Expressiveness and Power

How expressive or powerful is $$L$$? Can $$L$$ implement any desired data type, function or specification? Which specifications cannot be implemented in $$L$$? Is $$L$$ equally expressive as another programming language $$L^\prime$$? There are four possibilities:

$$L$$ and $$L^\prime$$ are equivalent;
$$L$$ can accomplish all that $$L^\prime$$ can and more;
$$L^\prime$$ can accomplish all that $$L$$ can and more; or
$$L$$ can accomplish some tasks that $$L^\prime$$ cannot, and $$L^\prime$$ can accomplish some tasks that $$L$$ cannot.

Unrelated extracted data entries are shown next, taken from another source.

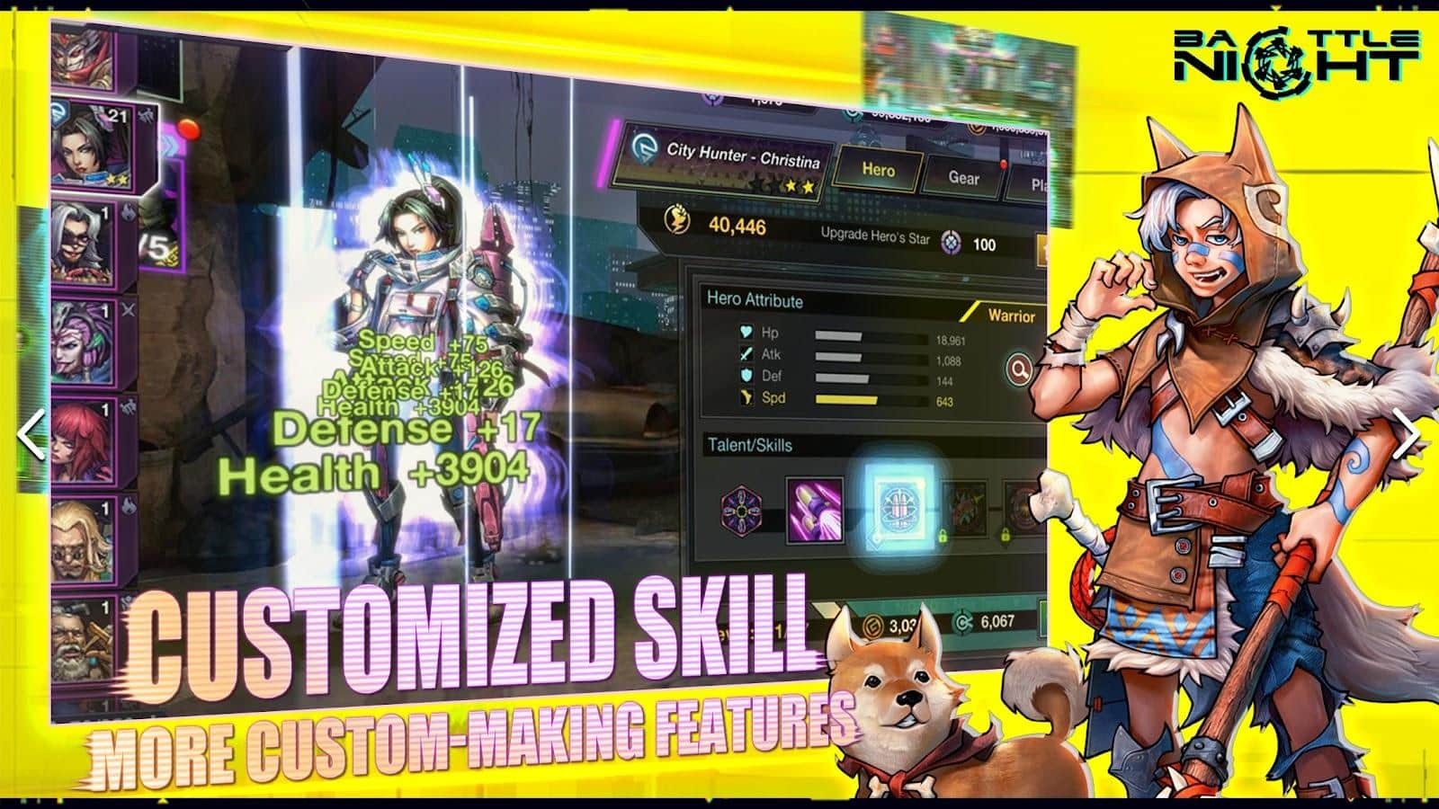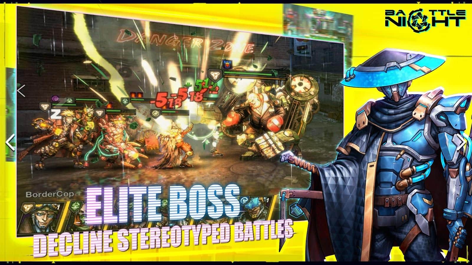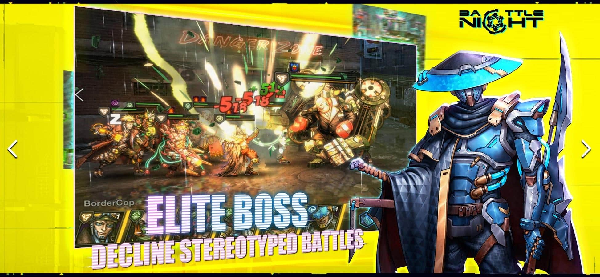 Battle Night: Cyber Squad-Idle RPG – 2098 рік, у переддень кінця століття відбуваються важливі події, які визначать майбутню епоху. Люди мирно займаються звичною ежедневщиной, навіть не помічаючи, що на території прикордоння розгорається давній конфлікт згасаючих цивілізацій і новітніх технологій. Прогрес безжалісний, будьте готові встати на одну зі сторін і прийняти участь у конфронтації. Дослідіть вулиці і запам'ятайте міську планування, нейтралізуйте злочинців.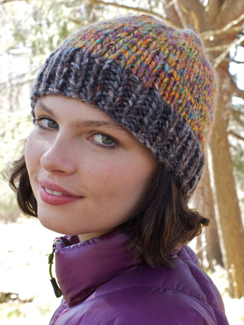 A simple stockinette hat pattern with a contrasting ribbed brim, written for three different weights of beautiful multicolored yarn. Check out two other versions: Joliet in Berroco Borealis® and Joliet in Berroco Boboli.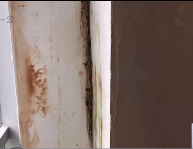 孙女士所住的这套房子在西海岸新区紫锦广场小区,记者来到孙女士的家中,发现客厅南面的墙上有一大片被水浸泡过的痕迹,尤其是墙角那个位置,已经发霉变黑了不说,甚至还长出了小蘑菇!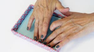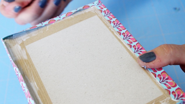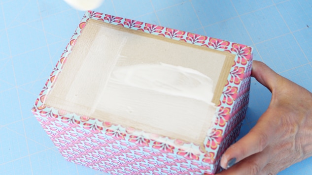 Pour habiller le fond intérieur du couvercle, c’est presque pareil que pour la boîte sauf que nous allons rabattre et encoller la marge du papier sur l’envers du Rigidex puisque les côtés du couvercle sont déjà habillés. Encollez directement le Rigidex pour ne pas tâche l’intérieur du couvercle.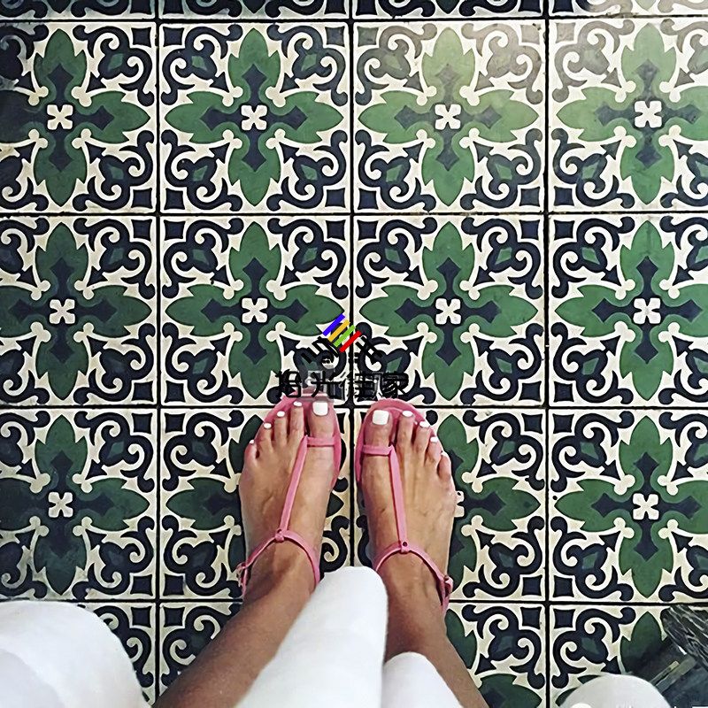 Moroccan retro green flower brick folk sleeping dressing room small flower tiles 200x200 terrace matte matte tiles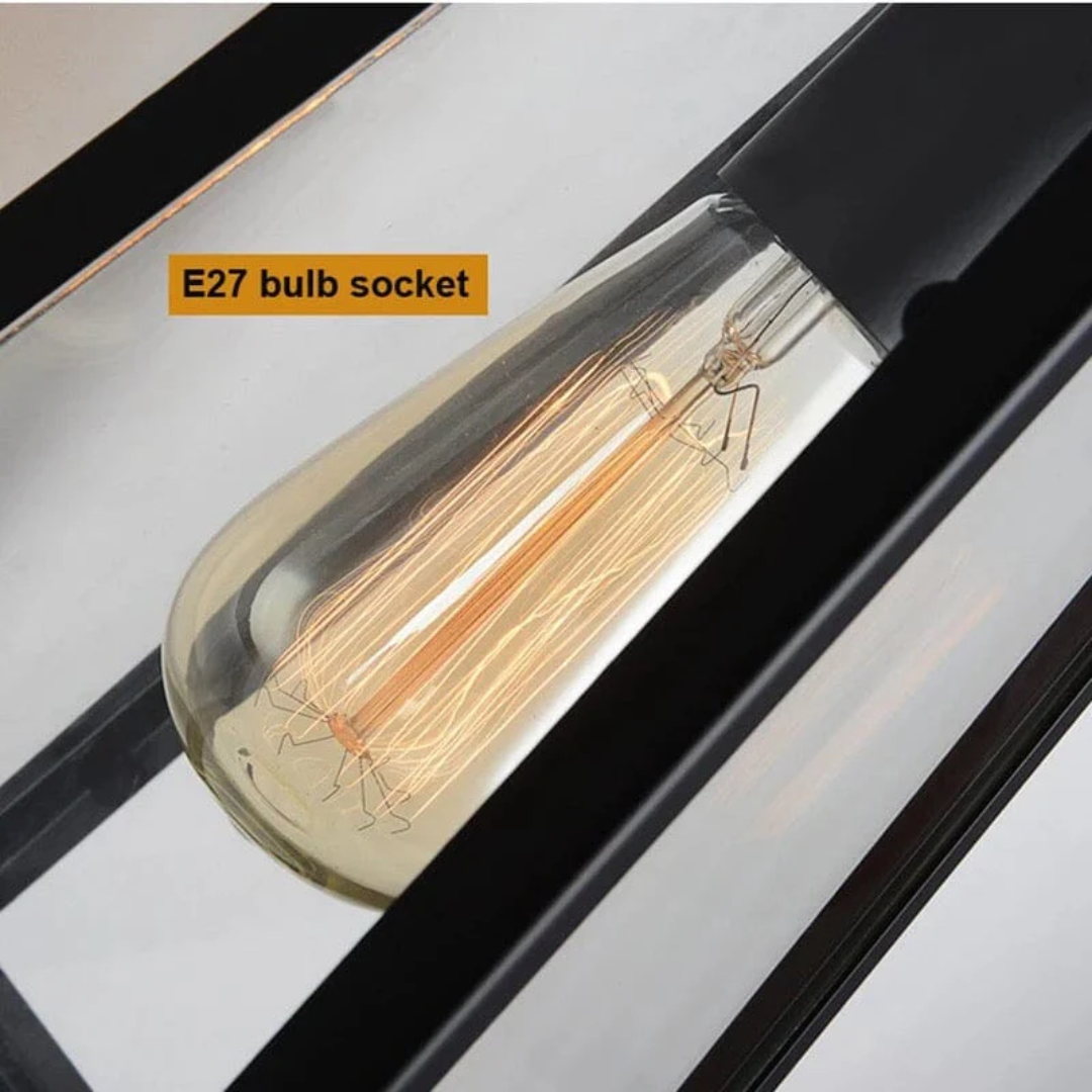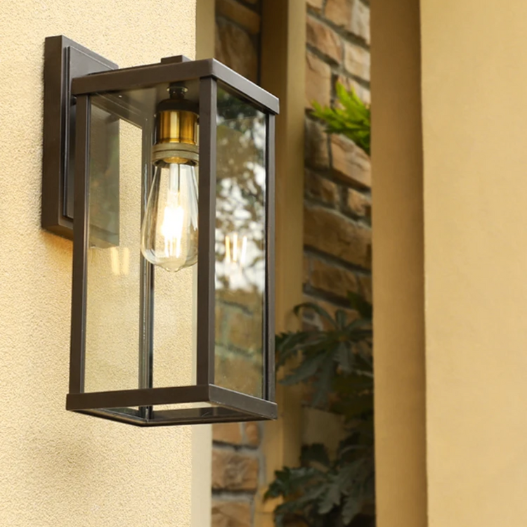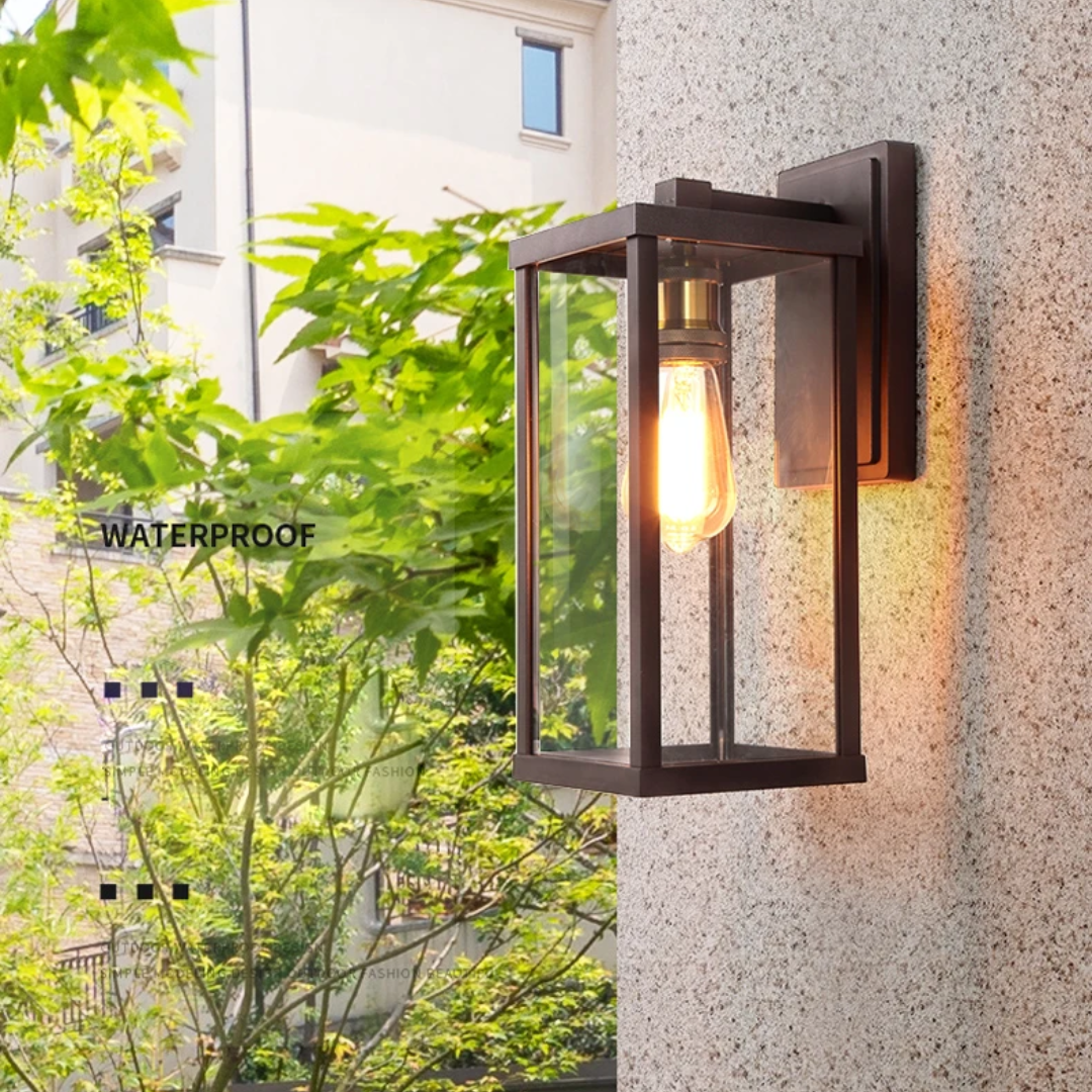 Enhance your outdoor lighting with Torchin wall sconce. Featuring a square frame and a clear glass shade, this fixture delivers both style and durability. Designed with dusk-to-dawn functionality, it automatically turns on at night and off at sunrise- perfect for porches, patios, entryways, and more.
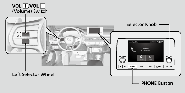 Left Selector Wheel: While receiving a call, the incoming call screen is displayed on the driver information interface. You can pick up the call using the left selector wheel.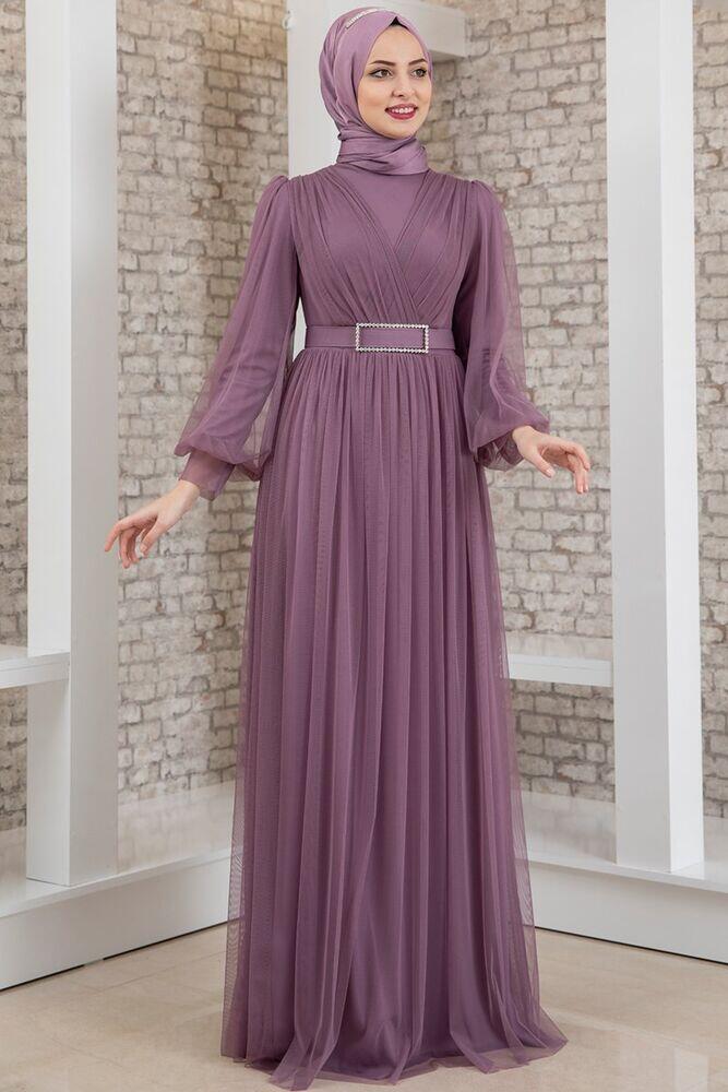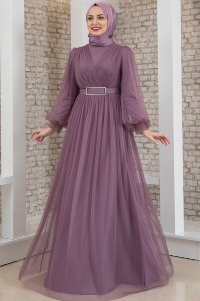 Robe de Soirée - Tulle Détaillé - Ceinture Détaillée Pierre - Lilas - MDV2042 |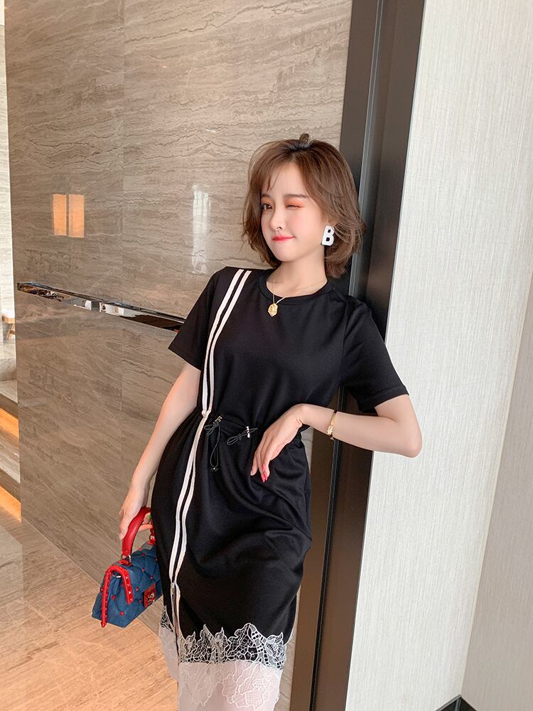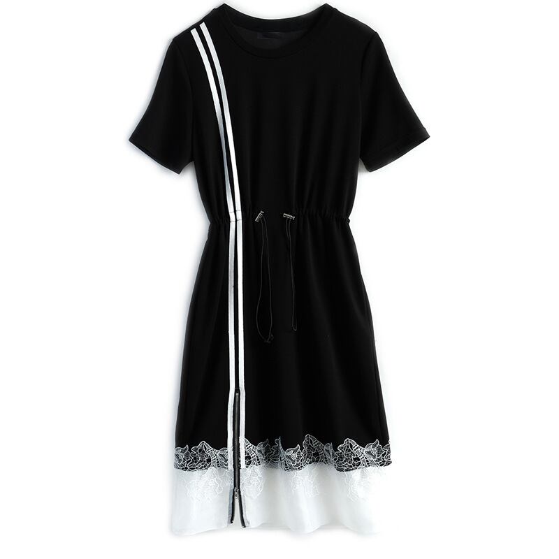 女性レースドレス 夏半袖ストライプパッチワークジッパールーズドレスS-3XL女性Tシャツドレスvestidos ショート ハーフスリーブ サマー 夏物

What exactly does it mean for two languages $$L$$ and $$L^\prime$$ to be equivalent in expressiveness or power? Which are the most expressive, imperative, object-oriented, functional or logic programming languages? Are parallel languages more expressive than sequential languages? Is $$L$$ a universal language, i.e., can it implement any specification that can be implemented in some other programming language? Do universal languages exist? What is the smallest set of imperative constructs necessary to make a universal language?

Program Properties

What properties of the programs of $$L$$ can be specified? Are there properties that cannot be specified? What exactly are static and dynamic properties? What properties of the programs of $$L$$ can be checked by algorithms? What properties are decidable, or undecidable, when the program is being compiled? What properties are decidable, or undecidable, when the program is being executed? What is the relationship between the expressiveness or power of the language $$L$$ and its decidable properties? What properties of programs in $$L$$ can be proved? Given a program and an identifier, can we decide whether or not

the identifier appears in the program?
given an input, the identifier changes its value in the resulting computation?
the identifier changes its value in some computation?

Given a program and an input, can we decide whether or not the program halts when executed on the input? Given two programs, can we decide whether or not they are equivalent?

Correctness

How do we specify the purpose of a program in $$L$$? To what extent can we test whether or not a program of $$L$$ meets its specification? How do we prove the correctness of a program with respect to its specification? Given a specification method, are there programs that are correct with respect to a specification but which cannot be proved to be correct? Is there an algorithm which, given a specification and a program, decides whether or not the program meets its specification?

Compilation

What exactly is compilation? How do we structure a compiler from the syntax of $$L$$ to the syntax of $$L^\prime$$? What does it mean for a compiler from $$L$$ to $$L^\prime$$ to be correct? Is correctness defined using a class of specifications, or by comparing the semantics of $$L$$ and $$L^\prime$$? How do we prove that a compiler from $$L$$ to $$L^\prime$$ is correct?

Efficiency

Are the programs of $$L$$ efficient for a class of specifications? If $$L$$ and $$L^\prime$$ are equally expressive will the programs written in them execute equally efficiently? Can $$L$$ be compiled efficiently on a von Neumann machine and is the code generated efficient? Are imperative programming languages more efficient than logic and functional languages? Are programs only involving while and other so-called structured constructs, less efficient than those allowing gotos? Are parallel languages more efficient than sequential languages?

Attempting to answer the questions should reveal what the reader knows about programming languages, before and after studying this book.